Anyway she had to do little to amuse me, because she had this vanity in her room that was filled was cosmetics, most of which were not even hers. They belonged to various daughters and daughters-in-law who had lived there. All she needed was her Revlon Real Red and her Emeraude and she was set to go.

But oh, I spent hours in that room, putting ginger-colored lip gloss on, and green eye shadow, and coral blush, till I looked like Jon-Benet Ramsey. Then I'd parade into the living room and she'd always tell me I looked beautiful, which I'm sure I did not because green and ginger and coral are not my colors. She was good at the flattery, Gramma was.

So that is why I get so thrilled every September when Allure magazine's Best of Beauty comes out. For months, their beauty editors (and why isn't that my job?) sample every product out there, then narrow it down and tell you what's the best lipstick this year, and what's the best eye shadow, and so on.

I devour that issue like it has the secret to happiness. Because it does.

Roc 
Can you smell what the Roc is dewrinkling?

This year, they tell me that Roc night cream will de-age me until I look like a fetus. There is actually an outline of my body crashing through my living room to get to the store to purchase this product. I have used it for a month and as you can see from my old-lady photo at the top, it has not worked yet.

But I am KEEPING THE FAITH! They say it takes awhile.

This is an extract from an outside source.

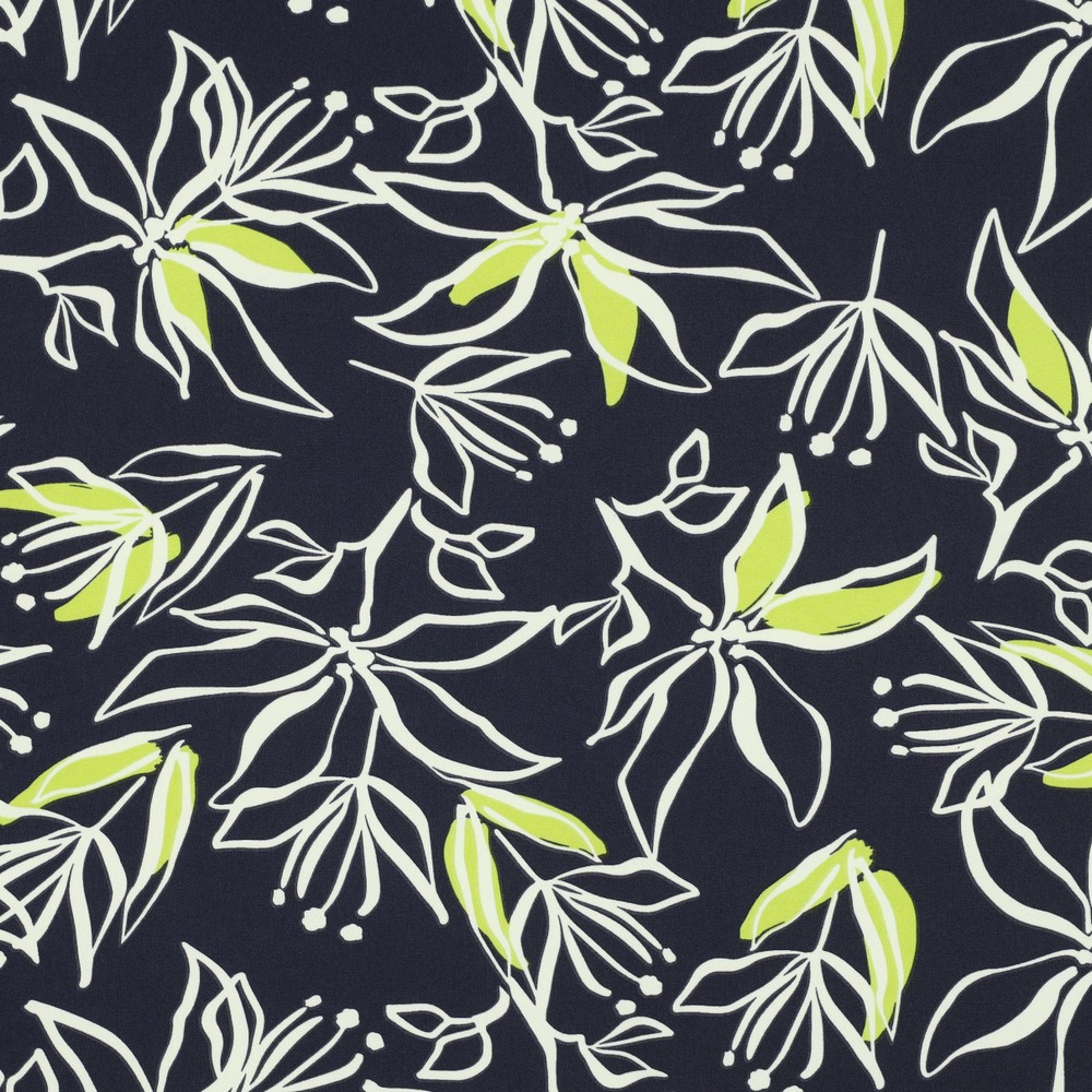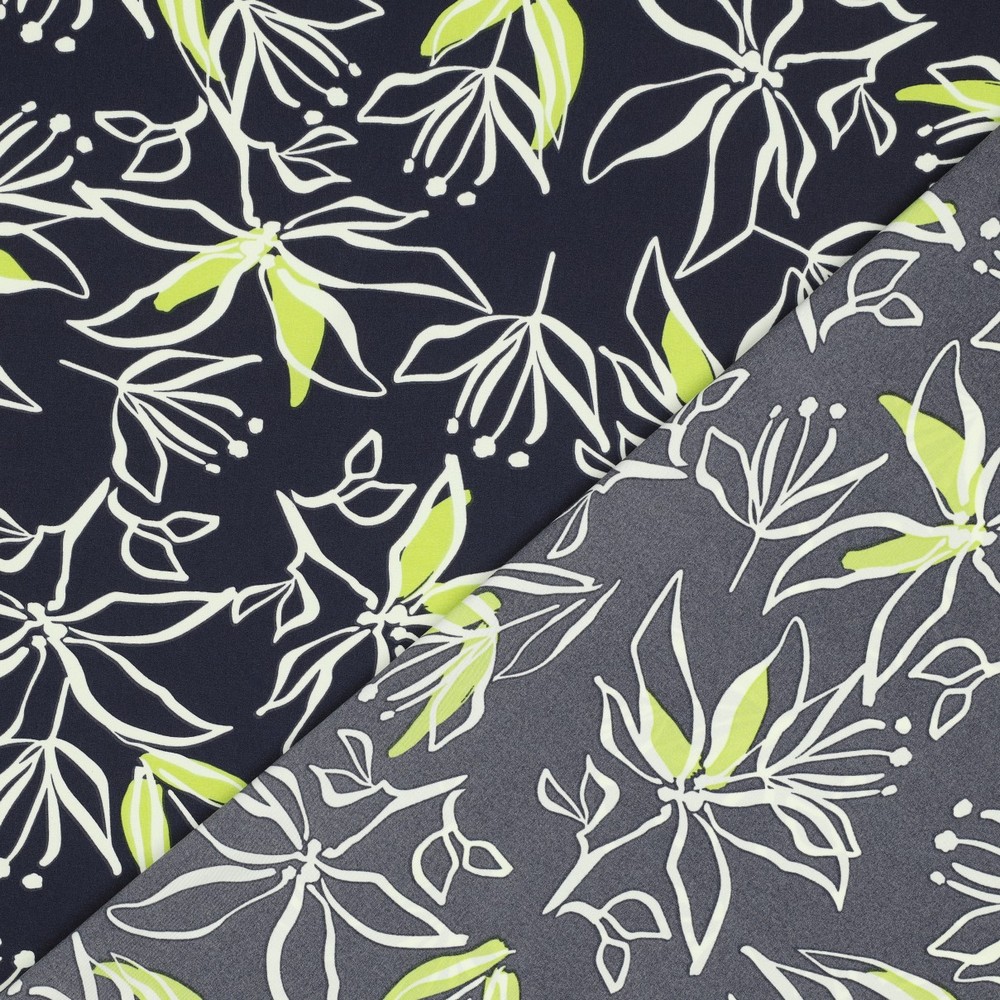 Tecido da blusa e do vestido - tecido floral elástico azul-marinho
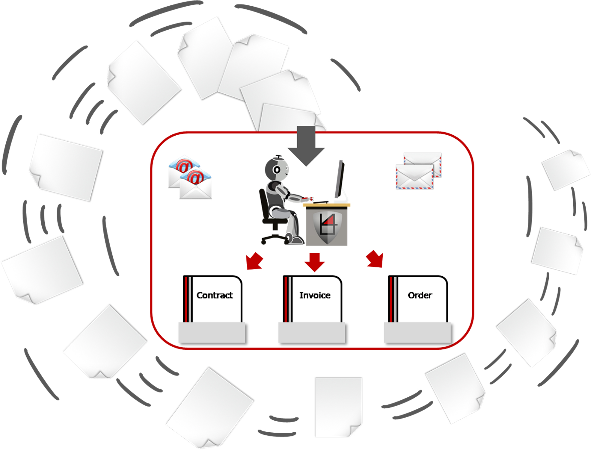 • Document routing: Bots recognise the document type (invoice, order, contract) and forward the data to the correct department.

If you start seeing my photo on this blog and you wonder, "Who is that adolecent claiming to be June?" you will know the Roc has done its miracle.

I think that's all I have to tell you about my purchases for now. I will have more room left on my CERTAIN COSMETICS COMPANY card after the foundation purchase, and don't you fret, I will let you know what else I get.

Do you think they sell cat DNA kits there?

102 thoughts on “Conspicuous Consumer

  1. Can’t you pull some strings with all your blogness and get a rush put on Edsel’s DNA?!? I want to know NOW.
    I too believe he’ll be found to be part dingo, which I guess is better than a dingbat. Unless you’re a typesetter or something.
    Whatever, how can you not love that mug!!

    Like

  2. Add me to the list of those who can do without Seinfeld.
    And I’m also curious if the DNA place has the Carolina dog in its DNA collection so you can get an accurate report.
    Pal, I’m sorry your dog has dementia. I didn’t even know dogs could get it. But, when you said, “our girl officially has dementia”, I thought you were referring to your daughter!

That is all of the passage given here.